- **WORK REQUIRED**:
Please transcribe each of the records exactly as given.

(Extracted data entries)

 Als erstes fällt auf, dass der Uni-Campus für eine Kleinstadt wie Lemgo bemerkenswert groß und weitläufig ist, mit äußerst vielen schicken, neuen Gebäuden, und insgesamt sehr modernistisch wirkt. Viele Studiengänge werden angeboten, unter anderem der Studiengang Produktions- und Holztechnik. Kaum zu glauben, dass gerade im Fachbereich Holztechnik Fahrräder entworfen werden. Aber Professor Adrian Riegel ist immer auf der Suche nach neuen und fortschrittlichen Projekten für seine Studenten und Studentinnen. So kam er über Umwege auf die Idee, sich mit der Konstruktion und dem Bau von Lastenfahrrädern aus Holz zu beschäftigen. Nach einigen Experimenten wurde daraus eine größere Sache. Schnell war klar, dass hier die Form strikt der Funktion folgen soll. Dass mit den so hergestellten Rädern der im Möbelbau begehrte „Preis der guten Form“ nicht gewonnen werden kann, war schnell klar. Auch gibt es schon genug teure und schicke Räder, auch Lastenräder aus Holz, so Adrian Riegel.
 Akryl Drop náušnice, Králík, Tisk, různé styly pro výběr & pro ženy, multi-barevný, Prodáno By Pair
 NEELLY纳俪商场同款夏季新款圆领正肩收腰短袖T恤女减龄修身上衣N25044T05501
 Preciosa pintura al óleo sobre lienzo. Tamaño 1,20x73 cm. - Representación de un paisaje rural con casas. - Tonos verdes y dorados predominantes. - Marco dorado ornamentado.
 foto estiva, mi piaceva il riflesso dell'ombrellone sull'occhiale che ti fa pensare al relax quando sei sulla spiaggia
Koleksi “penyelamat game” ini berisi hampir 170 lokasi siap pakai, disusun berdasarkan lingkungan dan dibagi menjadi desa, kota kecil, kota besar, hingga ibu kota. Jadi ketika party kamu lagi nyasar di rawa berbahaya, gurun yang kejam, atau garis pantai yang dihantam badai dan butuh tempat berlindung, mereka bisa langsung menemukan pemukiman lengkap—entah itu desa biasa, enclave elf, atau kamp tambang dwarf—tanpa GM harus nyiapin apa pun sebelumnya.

- **SOLUTION TO THE EXERCISE**:
 Als erstes fällt auf, dass der Uni-Campus für eine Kleinstadt wie Lemgo bemerkenswert groß und weitläufig ist, mit äußerst vielen schicken, neuen Gebäuden, und insgesamt sehr modernistisch wirkt. Viele Studiengänge werden angeboten, unter anderem der Studiengang Produktions- und Holztechnik. Kaum zu glauben, dass gerade im Fachbereich Holztechnik Fahrräder entworfen werden. Aber Professor Adrian Riegel ist immer auf der Suche nach neuen und fortschrittlichen Projekten für seine Studenten und Studentinnen. So kam er über Umwege auf die Idee, sich mit der Konstruktion und dem Bau von Lastenfahrrädern aus Holz zu beschäftigen. Nach einigen Experimenten wurde daraus eine größere Sache. Schnell war klar, dass hier die Form strikt der Funktion folgen soll. Dass mit den so hergestellten Rädern der im Möbelbau begehrte „Preis der guten Form“ nicht gewonnen werden kann, war schnell klar. Auch gibt es schon genug teure und schicke Räder, auch Lastenräder aus Holz, so Adrian Riegel.
 Akryl Drop náušnice, Králík, Tisk, různé styly pro výběr & pro ženy, multi-barevný, Prodáno By Pair
 NEELLY纳俪商场同款夏季新款圆领正肩收腰短袖T恤女减龄修身上衣N25044T05501
 Preciosa pintura al óleo sobre lienzo. Tamaño 1,20x73 cm. - Representación de un paisaje rural con casas. - Tonos verdes y dorados predominantes. - Marco dorado ornamentado.
 foto estiva, mi piaceva il riflesso dell'ombrellone sull'occhiale che ti fa pensare al relax quando sei sulla spiaggia
Koleksi “penyelamat game” ini berisi hampir 170 lokasi siap pakai, disusun berdasarkan lingkungan dan dibagi menjadi desa, kota kecil, kota besar, hingga ibu kota. Jadi ketika party kamu lagi nyasar di rawa berbahaya, gurun yang kejam, atau garis pantai yang dihantam badai dan butuh tempat berlindung, mereka bisa langsung menemukan pemukiman lengkap—entah itu desa biasa, enclave elf, atau kamp tambang dwarf—tanpa GM harus nyiapin apa pun sebelumnya.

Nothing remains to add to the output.